In anticipation of an IMF agreement, the National Assembly has approved a new budget.
Budget changes include more money for pensions and the National Financial Competency Award, bringing the total to Rs14.48 trillion.
The Finance Bill 2023-24, with a revised outlay of Rs14.48 trillion, was approved by the National Assembly on Sunday in ISLAMABAD, with some adjustments to the proposed budgetary measures.
Added to the original law that was introduced on June 9 were new levies totaling Rs215 billion. The legislation established a GDP growth objective of 3.5 percent.
Finance Minister Ishaq Dar’s bill was supported by a majority of lawmakers and ultimately passed through the House. As the budget was passed, the banging of desks could be heard throughout the room. Now that it has the president’s stamp of approval, the Finance Act will become law on July 1.
Dar, in a last-ditch effort to get a long-delayed rescue package from the International Monetary Fund (IMF), announced fiscal modifications costing Rs300 billion, which were accepted the day after Dar’s budget.
Dar’s announcement of fresh measures as the budget debate came to a close indicated that the government had agreed most of the IMF’s demands, such as raising taxes on the salaried class and ending the $100,000 asset-whitening plan.
In light of Rs215 billion in additional taxes, the Federal Board of Revenue (FBR) saw a need to increase its revenue collection objective in the approved Finance Bill.
Budget increases for the Benazir Income Support Programme (BISP), the National Finance Commission (NFC) payment to the provinces, and the pensions of retired government employees were all approved by the House.
The federal excise duty (FED) on fertiliser was raised from 5% to 5%, while the FED on juices was raised from 10% to 20%, among other changes. The tax rate on property sales and purchases was also increased from 1% to 2%.
The Petroleum Development Levy Ordinance was revised to raise the maximum PDL rate from Rs50 per litre to Rs60 per litre.
As of January 1, both old-technology fans (taxed at Rs2,000) and old-technology light bulbs (20% tax) were subject to a tax.
The budget law was amended to create a three-person committee to resolve disputes over Rs3,200 billion, or the equivalent of 62,000 unresolved cases.
These changes include an increase from Rs761 billion to Rs801 billion for pension funds, an increase from Rs5,276 billion to Rs5,390 billion for the NFC Award, and an increase from Rs459 billion to Rs466 billion for the BISP allocation.
The Finance Bill was amended nine times, eight times by members of the Treasury and once by the opposition. A proposal from Jamaat-e-Islami member Maulana Abdul Akbar Chitrali was shot down in the House.
Claiming that the Finance Bill was based on the usury system, Chitrali insisted that it be presented to the Council of Islamic Ideology (CII). He claimed that the government was rejecting the ruling of the Federal Shariat Court (FSC) to outlaw usury by passing the measure.
Speaker Raja Pervaiz Ashraf, who presided over the meeting, put the idea to a vote. On this issue, all members of both the administration and the opposition, with the exception of Chitrali, voted against the motion to consult CII on the Finance Bill.
Over 973 billion for the fiscal 2021-22 and over 608 billion for the fiscal 2022-23 supplementary budgets were approved by the parliament.
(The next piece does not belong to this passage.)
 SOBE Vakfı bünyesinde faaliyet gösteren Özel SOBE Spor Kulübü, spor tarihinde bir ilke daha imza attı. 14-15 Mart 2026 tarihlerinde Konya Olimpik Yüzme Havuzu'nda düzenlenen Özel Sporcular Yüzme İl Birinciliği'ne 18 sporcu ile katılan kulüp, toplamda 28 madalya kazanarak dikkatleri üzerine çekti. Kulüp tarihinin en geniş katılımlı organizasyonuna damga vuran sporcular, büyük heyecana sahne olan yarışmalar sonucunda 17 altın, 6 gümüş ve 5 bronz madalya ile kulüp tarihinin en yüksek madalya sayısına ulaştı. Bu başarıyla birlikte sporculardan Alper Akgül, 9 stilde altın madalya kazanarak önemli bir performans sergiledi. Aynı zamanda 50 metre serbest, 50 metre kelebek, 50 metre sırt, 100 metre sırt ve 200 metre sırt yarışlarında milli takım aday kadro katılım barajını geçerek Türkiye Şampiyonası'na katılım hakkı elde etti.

Dar made the announcement of the honorarium for the budget session personnel at the time.
Retirement Plan
Dar made it clear during the meeting that government officers in grades 17–22 would not be eligible for a double pension. He did emphasise, though, that government workers younger than Grade 17 would be exempt from the rule.
As Water Resources Minister Syed Khursheed Shah pointed out, some officers may have to choose between two pensions if they continue to work on a contract basis after retirement.
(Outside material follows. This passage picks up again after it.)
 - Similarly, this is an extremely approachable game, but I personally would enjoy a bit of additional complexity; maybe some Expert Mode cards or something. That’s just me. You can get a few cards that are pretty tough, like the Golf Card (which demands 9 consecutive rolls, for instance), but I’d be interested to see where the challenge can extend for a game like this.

Dar noted that pension payments to surviving spouses and children of deceased retirees are not guaranteed to be made within a certain time limit. However, this was now only valid for a period of 10 years.
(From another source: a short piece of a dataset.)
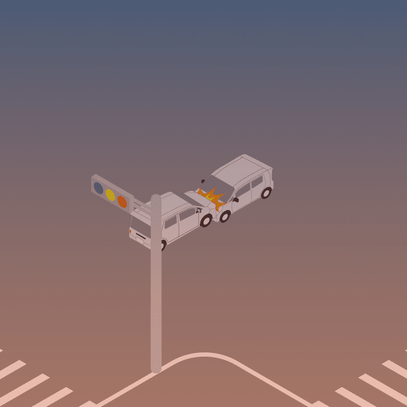 ・イラストに使用している各要素(車、背景、車、天候、信号、衝突地点など)は、代表的なイメージをイラスト化しており、色や形状等含め現実の事故の状況とは異なります。あくまで、事故のイメージとして参考までにご活用ください。
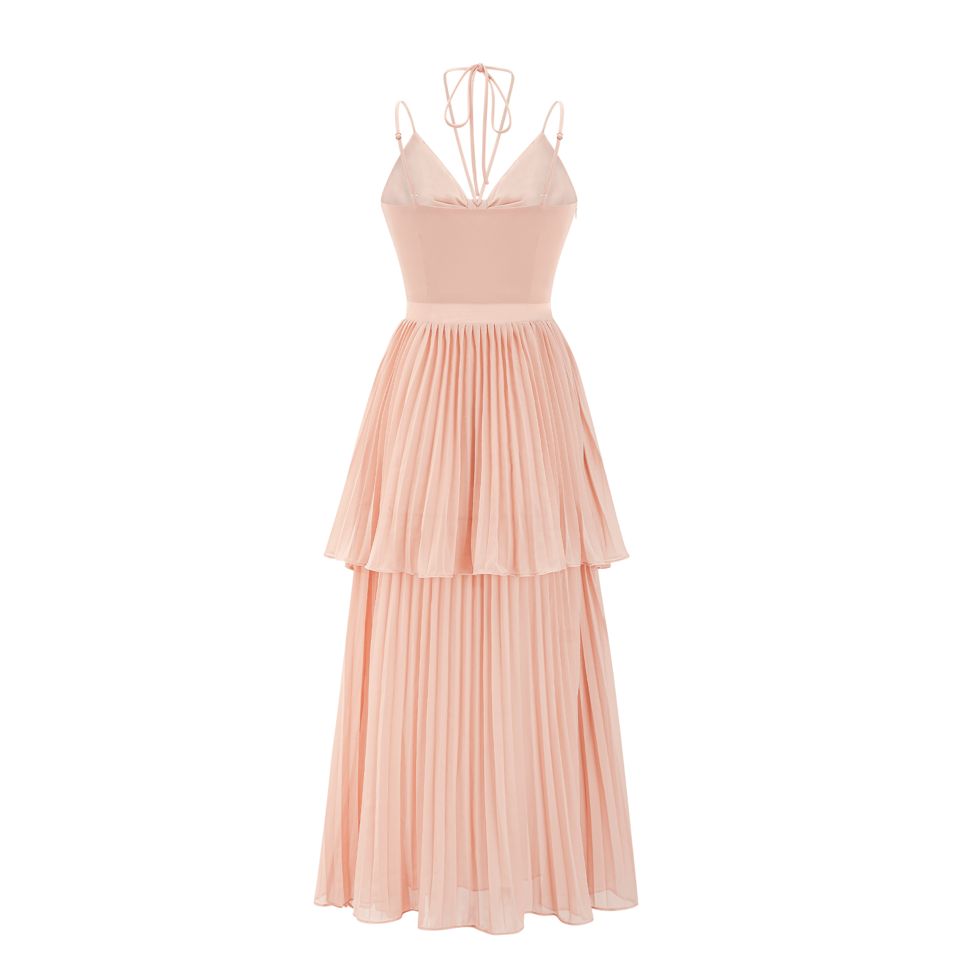 Olympe pink pleated tiered midi dress

He emphasised the importance of these changes by noting that the pension budget has risen to Rs800 billion, or roughly 50% more than it was just a few years ago. He warned that pensions will collapse unless the changes being made.
The minister reassured Grand Democratic Alliance (GDA) member Ghous Bux Mahar that the government’s goal was to encourage local fertiliser production in response to his concerns about the removal of the urea subsidy.
He stated that more than $200 million would be invested by multiple Pakistani firms into the urea producing industry. He promised the chamber that agricultural concerns will be addressed after appropriate deliberation.
In light of the persistent problems in the Federally Administered Tribal Areas (Fata), Minister of Communication Asad Mehmood has called for a full assessment of the merger.
The minister stressed the importance of holding a referendum to find out what the people of Fata want. He continued by saying that development had been seen in Fata, but that it was essential to learn from locals about the challenges they confront.
Maulana Chitrali voted against the budget because he felt the House had not been kept informed about the increased taxes. He continued by saying the budget will cause an inflationary upheaval in the country.
Only Maulana Chitrali, a lone opposition member, and 62 treasury parliamentarians were present near the end of the session. The meeting was later deferred till Monday night.